So I'm trying to figure out given a linear transformation $T$ how to find a plane that $T$ maps onto itself. One way to state this problem is solving for vectors $u$ and $v$ such that $T(uv)=(uv)\lambda$ where $\lambda$ is two by two and $(uv)$ is the $n\times2$ matrix whose columns are $u$ and $v$. This is clearly an analogue to eigenvalues and eigenvectors, so I tried to come up with a polynomial that will give me $\lambda$ so we can then solve for $u$ and $v$, as we do with eigenvectors. Of course, we will get a different $\lambda$ if we choose a different basis of the same plane, so really we want to solve for $\lambda$ up to similarity.
What I came up with is $$T(uv)=(uv)\lambda\implies \det|T^2-tr(\lambda)T+\det(\lambda)I|=0$$ where $tr(\lambda)$ is the trace. This is a single polynomial in 4 variables, which is a little concerning. I wonder whether some additional clever algebra could give another equation. Alternatively, maybe this one constraint is enough to give $\lambda$ up to similarity.
At this point I tried to find an answer online. What I found is that there is a theory of generalized eigenspaces, but they take a totally different approach. I found a couple textbooks that talk about this, but their approach is completely different. Can anyone explain how the approach I took here fits into the bigger picture?
Edit: I want to point out that typically a fixed plane is not spanned by eigenvectors. For example, $T$ might rotate a plane. In that case no single vector is fixed, but the entire plane is.

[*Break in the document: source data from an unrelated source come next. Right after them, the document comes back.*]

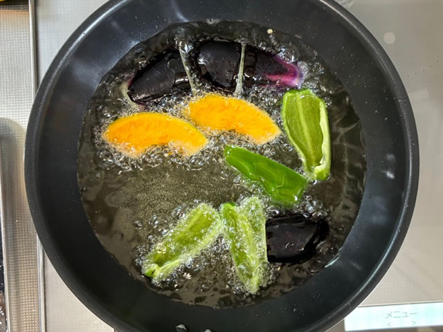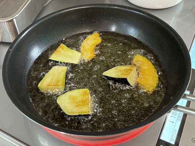 ナスとかぼちゃもほんのり焼き色が付くまで揚げましょう。
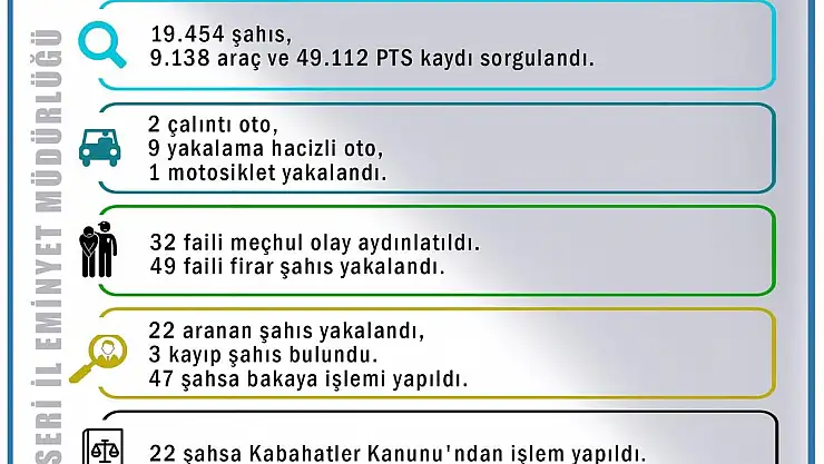 19 bin 454 şahıs, 9 bin 138 araç ve 49 bin 112 PTS kaydı sorgulandı. 2 çalıntı ve 9 yakalama hacizli otomobil, bir de çalıntı motosiklet ele geçirildi. 32 faili meçhul olay aydınlatılırken 49 faili firar şahıs da yakalandı, 3 kayıp şahıs bulunurken 47 şahsa bakaya işlemi yapılmasının yanı sıra 22 de aranan şahıs yakalandı. 22 şahsa Kabahatler Kanunu’ndan işlem yapılırken 3 ruhsatsız tabanca, 2 av tüfeği, 3 kurusıkı tabanca, 58 fişek, 5 bıçak ve 9,46 gram uyuşturucu madde ele geçirildi.
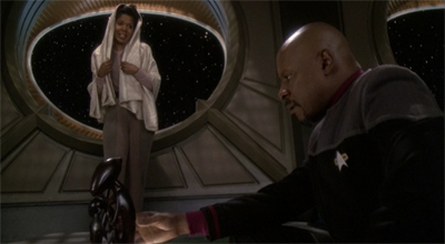 At the end of Penumbra, the Prophets warn Sisko not to marry Yates. “You must accept your destiny,” instructs prophet!Sarah. Sisko spends a significant portion of ‘Til Death Do Us Part trying to reconcile his own wish to marry Yates with the demands imposed by the Prophets. Kira makes it very clear that she believes that Sisko should listen to the Prophets. “The Prophets wouldn’t ask you to do something like that without a reason,” Kira states. “Well, what they’re asking you to do isn’t easy, but they’ve never led you down the wrong path.”
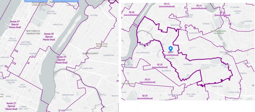 Senate District 59, created by a court appointed special master, is on the left. The proposed Senate District 17, on the right, was drafted by state Democrats and ruled unconstitutional (RedistrictingandYou)
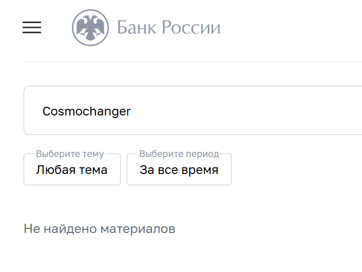 Регулирование CosmoChanger осуществляется нормами финансового надзора, но без привязки к конкретному регулятору. В реестре Центрального Банка РФ обменник не упоминается. Его деятельность на территории РФ является незаконной. Платформа подчиняется требованиям AML и KYC.
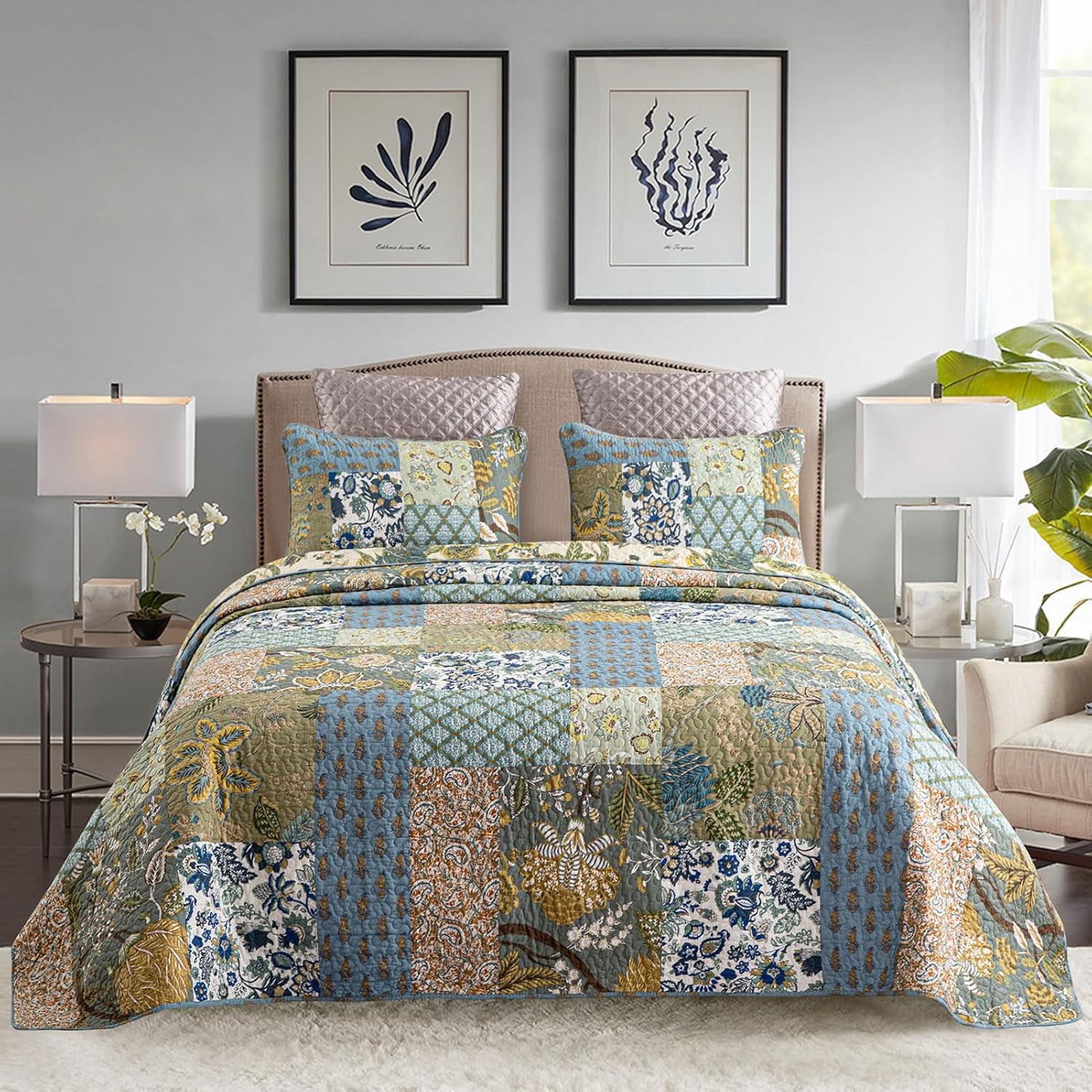 YAYIDAY Oversized King Bedspreads Patchwork Quilt Set (120x118 Inch) - 100% Cotton Reversible Breathable Green Leaves Quilted Coverlet with Pillow Shams for All Seasons
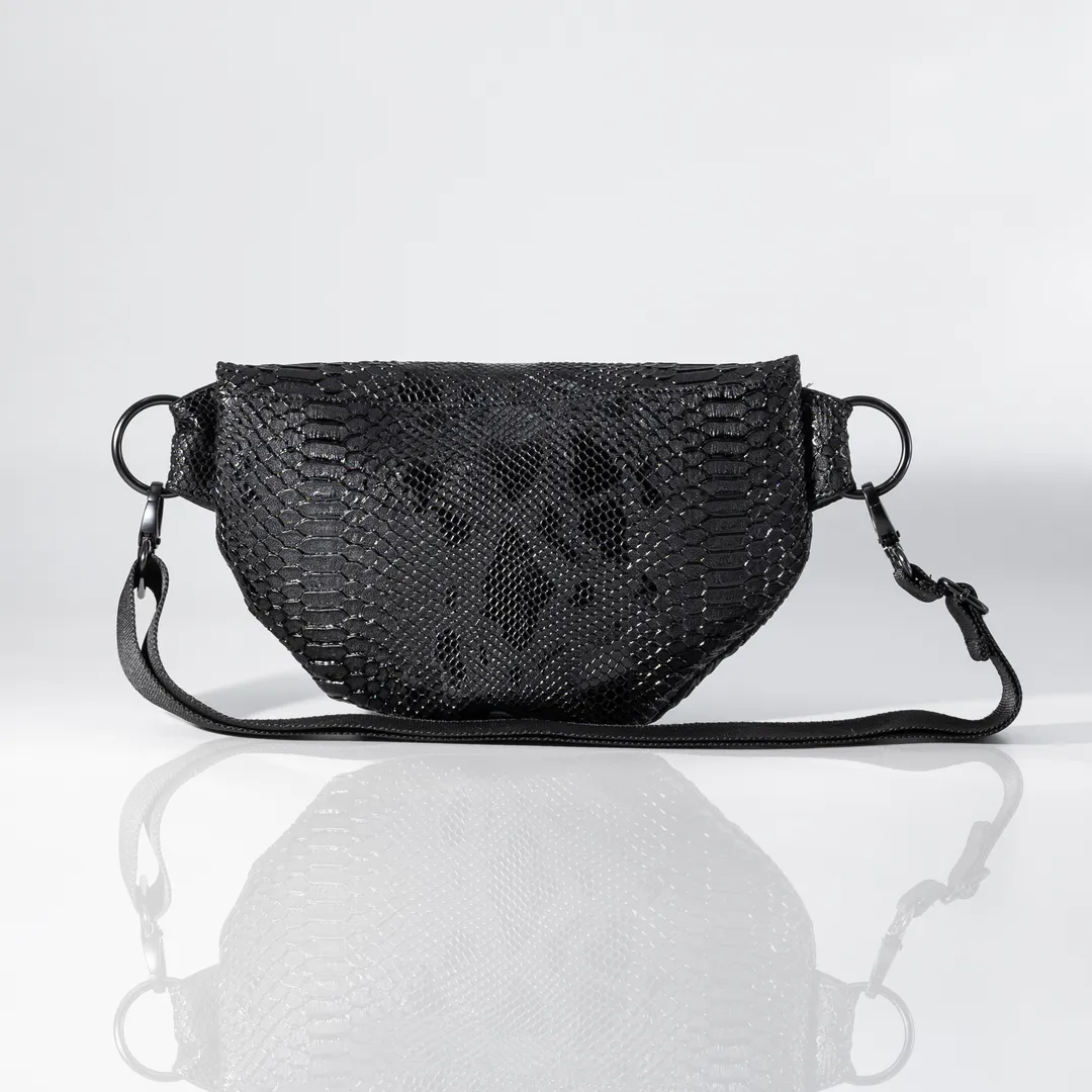 Banana bag made of 2 materials: black leatherette with embossed snake effect and leatherette with black and white zebra pattern. The Black Zebra Small Banana Bag has two pockets inside and a black lining. It has a black strap, 4 cm wide, which is adjustable and detachable. Small size: 32 cm. 20 cm zipper. height. All our products are handmade in our Thessaloniki atelier, with attention to detail and respect for our customers and the environment.
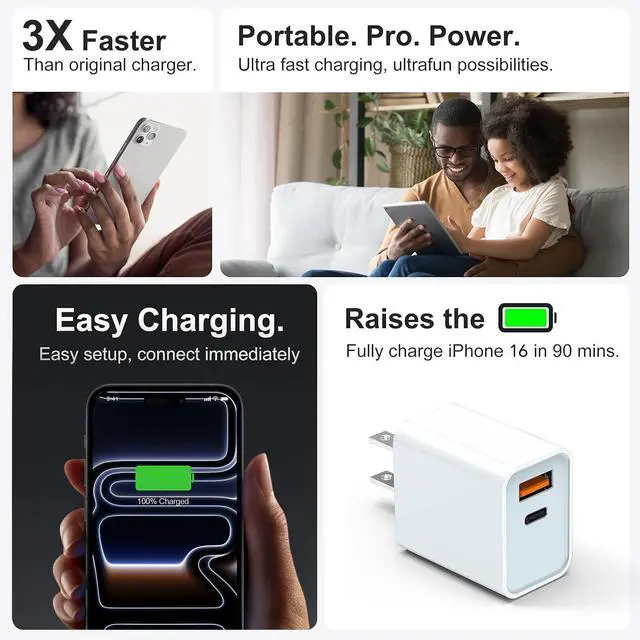High-Speed ChargerOffers fast and efficient charging up to 3X faster than a 5W charger. Charge your iPhone 16 up to 50% capacity in just 30 minutes with the original cable. (Cable not included, only 2 Chargers )
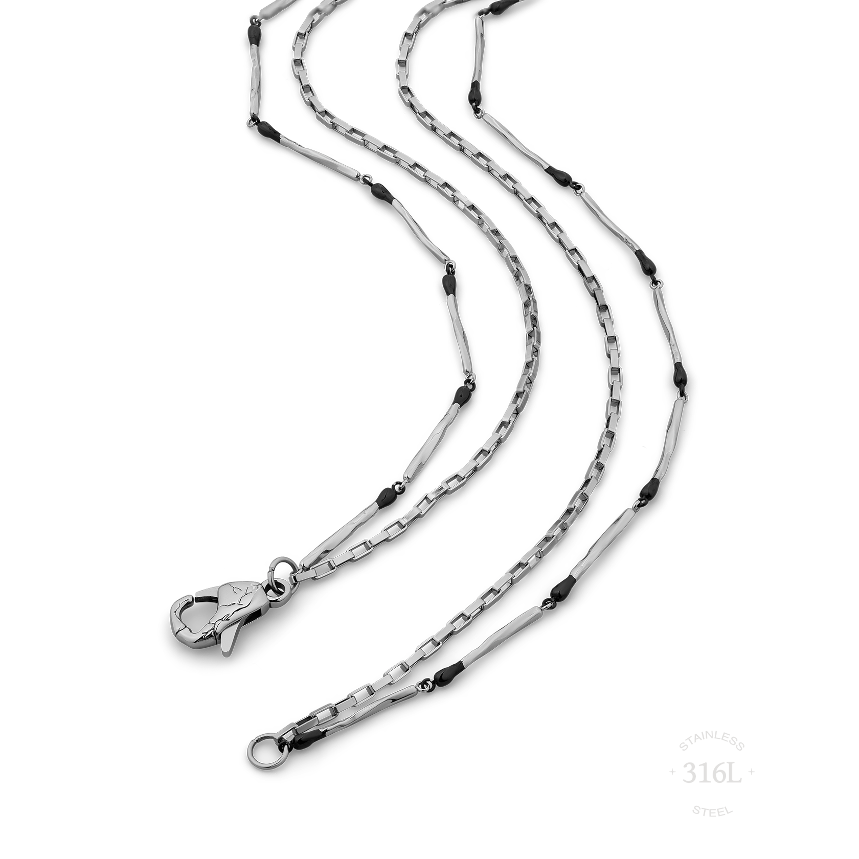Stainless steel. Shorter chain is 50cm long, longer chain is 58cm long. Both chains have a gauge of 2.5mm wide.

Your linear transformation is represented by a matrix $A$ such that $T(V) = AV$
If $U$ and $V$ are two linearly independent eighenvectors of $A$ with eigenvalues $\lambda _1$ and $\lambda _2$ respectively, then $$T(\alpha U + \beta V) = A( \alpha U + \beta V) = \alpha AU + \beta AV = (\alpha \lambda_1)U + ( \beta \lambda_2)V$$
That is the plane spanned by $U$ and $V$ maps to itself under the linear transformation.